Suzanne E. Fisher, Gregory S. Whitt

Research output: Contribution to journalArticlepeer-review

Abstract

The phylogeny of the creatine kinase (CK, EC 2.7.3.2) isozyme loci and their differential tissue expressions were determined for representatives of 65 families of vertebrates, with emphasis on the fishes. The transition from the single creatine kinase locus, characteristic of certain echinoderms, to the two creatine kinase loci which are orthologous to those present in all vertebrates, occurred early in the chordate line. The majority of pre-teleostean fishes possesses only these two CK loci (A and C). These loci are relatively generalized in their tissue expressions which are variable among species of primitive fishes.
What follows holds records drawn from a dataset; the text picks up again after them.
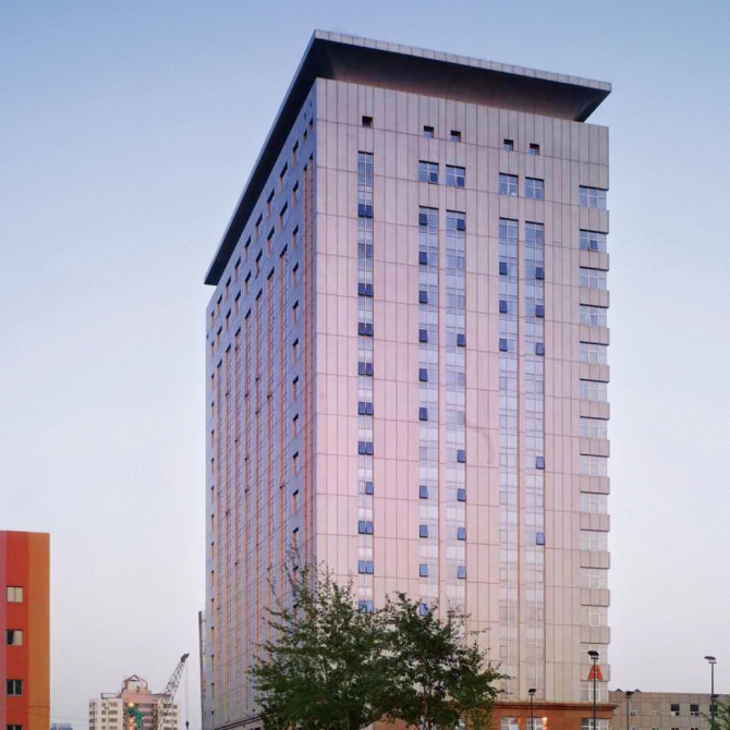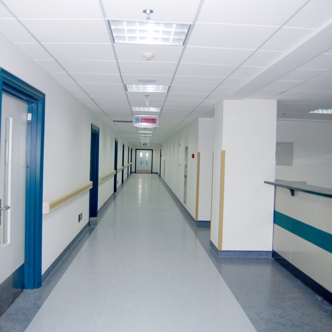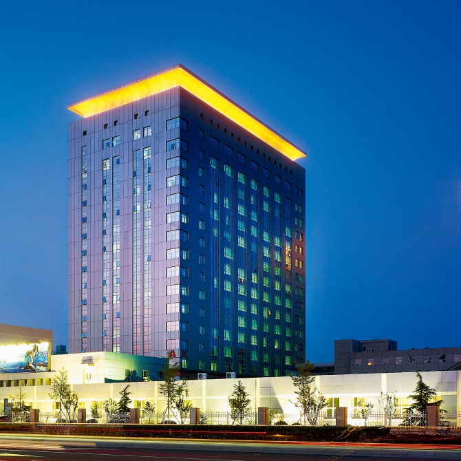 原住院樓地下一層,地上十五層,建筑面積17881平方米,床位數660張。接建設計以原有住院樓主體為依托,在北側和西側分別接建8.80米和9.10米的單跨同高建筑,建筑主體加至十七層,接建后總建筑面積32065平方米。一層除檢驗科和藥劑科外,增加了住院部獨立入口門廳;二至十六層為病房層,每層設一至兩個護理單元,采用島式布局,中心布置護理站、醫護辦公、附屬用房等,病房位于南、北、西三面。病房由原來的6人間(不帶衛生間)改為4人間或2人間(均帶衛生間),每層設重癥監護室,十六層設有套間病房。改造后總床位數增加為943床。各功能區垂直交通流線嚴格區分,做到人貨分流、醫患分流、潔污分流,快捷便利,互不交叉干擾。
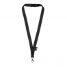 Lanyard em RPET, com mosquetão metálico e fecho de segurança. Formato simples e clássico, disponível em várias cores.
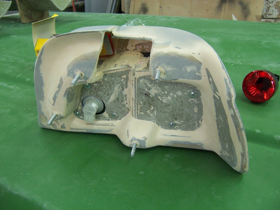 Сразу понял что нужно чуток переделать заднюю часть, поскольку внутренний фонарик невозможно будет закрепить и так же при поклейке возникнут проблемы. Поэтому я всегда настаиваю в начале проекта, чтоб все комплектующие под рукой были сразу и тогда непридётся одну и туже работу делать дважды. Заднюю часть снова резал флексом для точной установки лампочного фонарика.
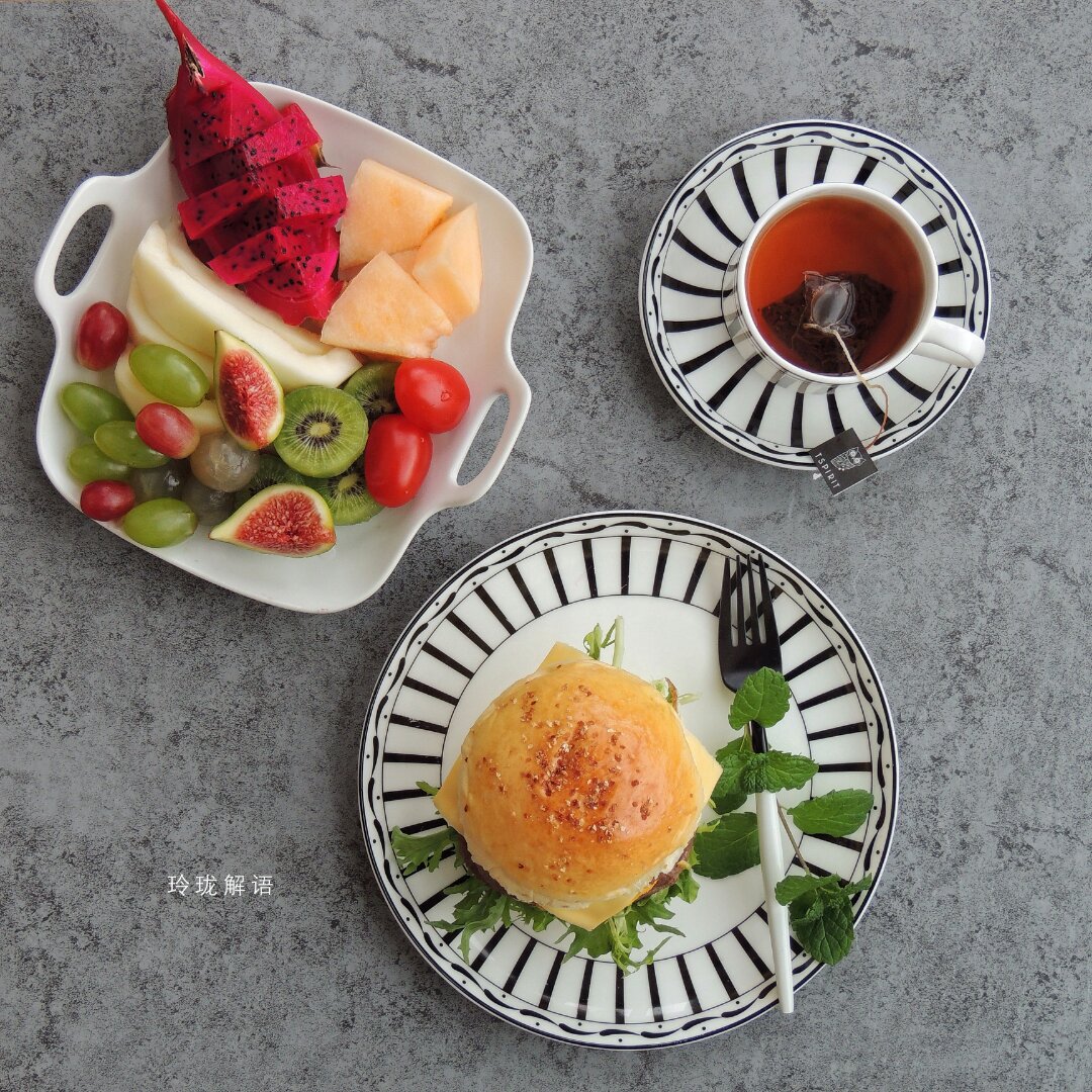 牛肉汉堡,水果,果茶!

The third and fourth creatine kinase loci (B and D) arose separately in the ancestors of the bony fishes and appear to be the result of regional genome duplications. Concomitant with the increase in the number of isozyme loci has been an increase in the specificity of their tissue expression. In the advanced teleost fishes the four CK loci are differentially expressed in a characteristic manner. The A2 isozyme predominates in skeletal muscle, the B2 isozyme in eye and brain, the C2 isozyme in stomach muscle, and the D2 isozyme is found exclusively in testis. We propose a phylogeny of the creatine kinase genes in the lower chordates based on the time of appearance of new CK loci, the sequence in which the loci achieve a tissue restricted expression, and the immunochemical relatedness of the orthologous and paralogous gene products.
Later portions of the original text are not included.